SQL-based model training

SQL

AI APIs

Pretrained models for vision, NLP, etc.

Python

Back

FAQs


❓1. What is Google Cloud Platform (GCP)?

Answer:
GCP is Google’s suite of cloud computing services that provides infrastructure, platform, and serverless environments to build, deploy, and scale applications using the same technology that powers Google Search, YouTube, and Gmail.

❓2. Is Google Cloud free to use?

Answer:
Yes. GCP offers a $300 free credit for 90 days for new users and an Always Free Tier for services like Cloud Storage, BigQuery, and Compute Engine (1 f1-micro instance in select regions).

❓3. How do I start using GCP?

Answer:
To get started, create a Google Cloud account at cloud.google.com, set up your first project, enable billing, and explore the Console or use the gcloud CLI for resource management.

❓4. What’s the difference between Compute Engine and App Engine?

Answer:

  • Compute Engine gives you full control over virtual machines (IaaS).
  • App Engine is a fully managed PaaS that handles infrastructure, scaling, and deployments automatically.

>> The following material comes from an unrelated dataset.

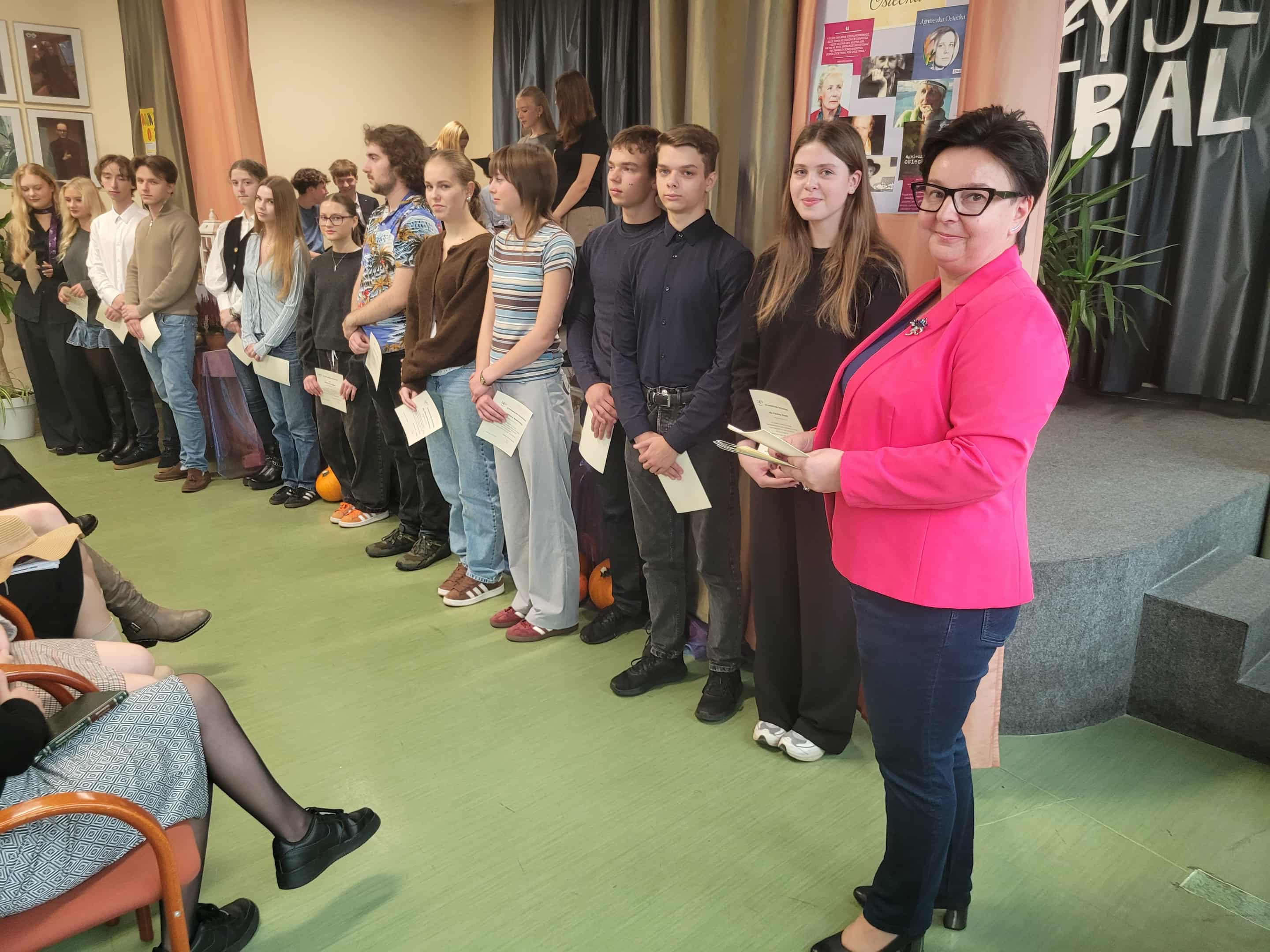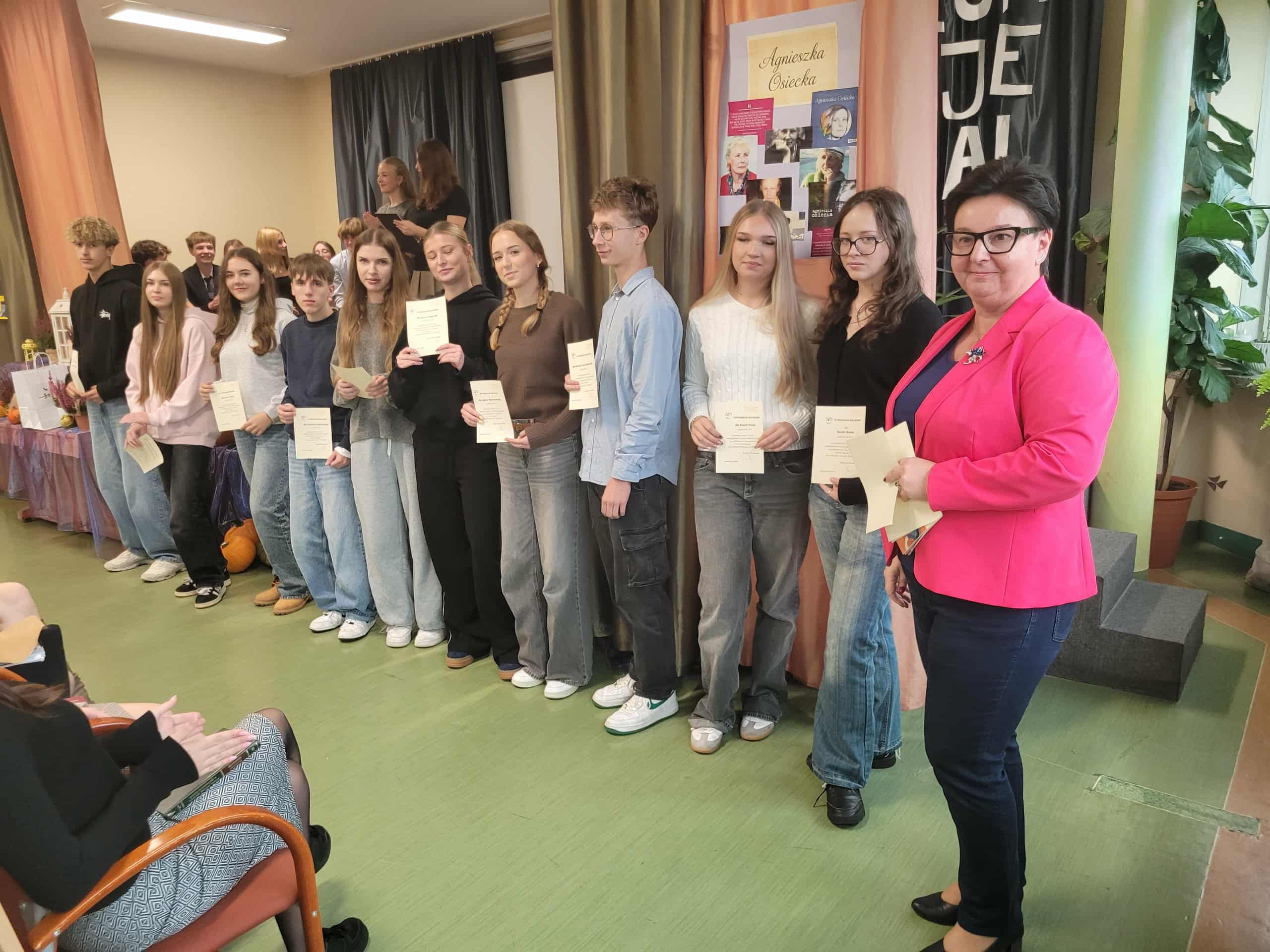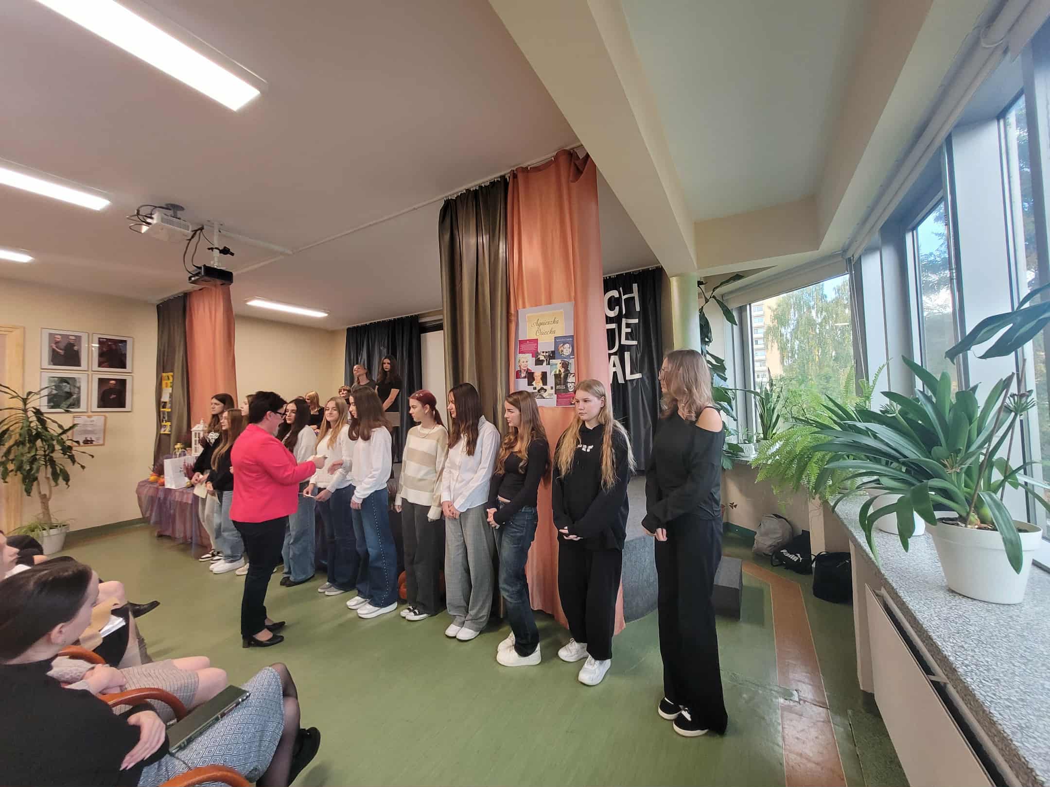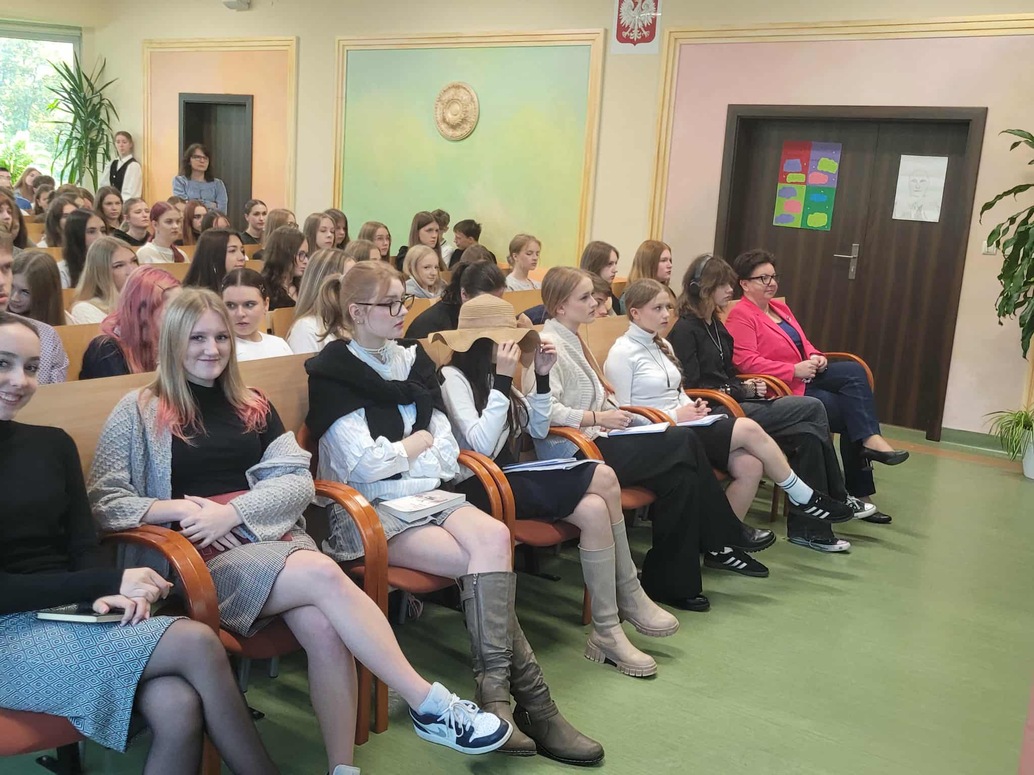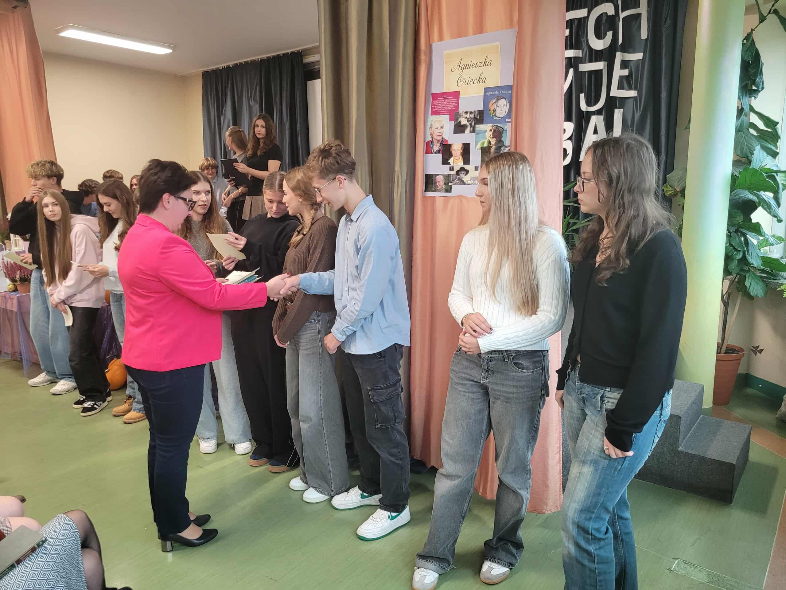 7 października 2025 roku odbył się uroczysty apel z okazji Dnia Patronki naszej Szkoły. Klasy pierwsze zaangażowały się w organizację tego ważnego wydarzenia: była prezentacja biografii Agnieszki Osieckiej, recytowano najpopularniejsze Jej wiersze i zaprezentowano pokaz mody przy dźwiękach znanej muzyki ze słowami poezji autorki. Na koniec Pani Dyrektor uhonorowała nagrodą wybitnych stypendystów naszej szkoły w kategoriach: frekwencja, wyniki naukowe oraz sportowe.

❓5. What is a GCP project?

Answer:
A GCP project is a container for resources like VMs, buckets, APIs, and billing. It isolates services and permissions and helps organize workloads across environments.

❓6. Which programming languages are supported by GCP?

Answer:
GCP supports many languages including Python, Java, Go, Node.js, Ruby, PHP, C#, and .NET, depending on the service used (App Engine, Cloud Functions, Cloud Run, etc.).

❓7. What tools are used to manage GCP?

Answer:
You can manage GCP via:

  • Google Cloud Console (UI)
  • Cloud Shell (browser-based CLI)
  • gcloud CLI
  • REST APIs
  • Terraform and Deployment Manager for infrastructure as code

❓8. What is BigQuery used for?

Answer:
BigQuery is a serverless data warehouse that allows you to store and analyze large datasets using SQL. It’s ideal for data analytics, reporting, and business intelligence.

❓9. Is GCP good for hosting websites?

Answer:
Yes. GCP offers multiple options to host websites:

  • Static websites via Cloud Storage + CDN (Cloud CDN)
  • Dynamic web apps using App Engine or Cloud Run
  • Custom VMs via Compute Engine

❓10. Does GCP offer certifications?

Answer:
Yes. Google Cloud offers certifications like:

  • Cloud Digital Leader (beginner)
  • Associate Cloud Engineer
  • Professional Cloud Architect
  • Data Engineer, DevOps Engineer, and more, to validate your cloud skills.